In a previous alog entry I pointed out that most of the intensity nosie we see in transmission of the IMC is due to input beam jitter converted to RIN due to an IMC misalignment. Today, to prove this, I improved the IMC alignment in three steps:
The third attached plot shows the improvement in RIN in transmission of the IMC. Now it is at a level of 1e-6 at 10 Hz and 2e-7 at 100 Hz. It's almost a factor 10 better everywhere.
It's interesting to note that the RIN is still non stationary, so we should improve further the IMC alignment accuracy. I could not increase more the gains of DOF1 and DOF2, since I got a 1 Hz instability (as expected from the open loop transfer function). However, my intuition is that the IMC mirrors are pretty much not moving, and instead the input beam pointing is moving a lot. So we should servo the input beam to the IMC cavity axis with some Hz of bandwidth. This is what we did at Livingston, where the input beam motion was limited by air currents in the PSL room. I believe a similar approach should be used here. This is much better than high bandwitdh loops on the mirrors, since they should be our best reference.
To study the dependency of RIN on IMC angular fluctuation I used a code developed for a similar task at Livingston. See more details here. In brief, i compute the band-limited RMS of the IM4_TRANS_SUM signal between 50 and 10 Hz, and correlate this with the low frequency content of the IMC alignment error signals. The scatter plot in the 4th attachment shows the correlation between each IMC angular DOF and the BLRMS. There is a clear correlation with DOF1_Y. From the scatter plot we can also see that there is an offset on the error signal.

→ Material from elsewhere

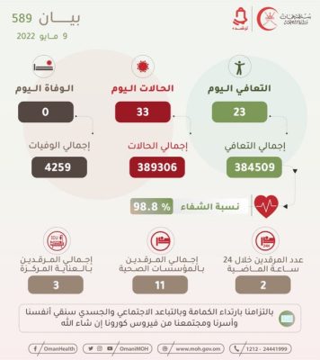 وأوضحت الوزارة أن إجمالي عدد الحالات المسجلة بفيروس كورونا “كوفيد19” في السلطنة 389306 إصابة ، و بلغ إجمالي الوفيات 4259 وفاة ، بينما بلغ إجمالي المتعافين 384509 شخص.

A more quantitative analysis can be obtained by fitting the BLRMS time series with a linear combination of a constant, the error signals and their squared values. The procedure I used is a slightly modified version of a LSQ fit, and it gives me a ranking of the signals as a function of their importance in improving the fit. The code is attached to this entry. Basically, the first step is to find which one of the channels (constant, error signals or their squares) can be best fit to the BLRMS. finding the minimum residual squared error. Typically a constant is the first winner. Then the procedure is repeated with the residual, looking for the single bets channel to furher reduce the rfit error. At each step I search for the channel that reduces the error the most. The procedure is repeated iteratively.
The 5th plot shows the result of the fit before any improvement on the IMC alignment. Most of the noise fluctuations could be explained by angular motions. The 6th plot shows the ranking of the channels (the bigger the bar, the most important the channel is), confirming that DOF_1_Y is our best candidate.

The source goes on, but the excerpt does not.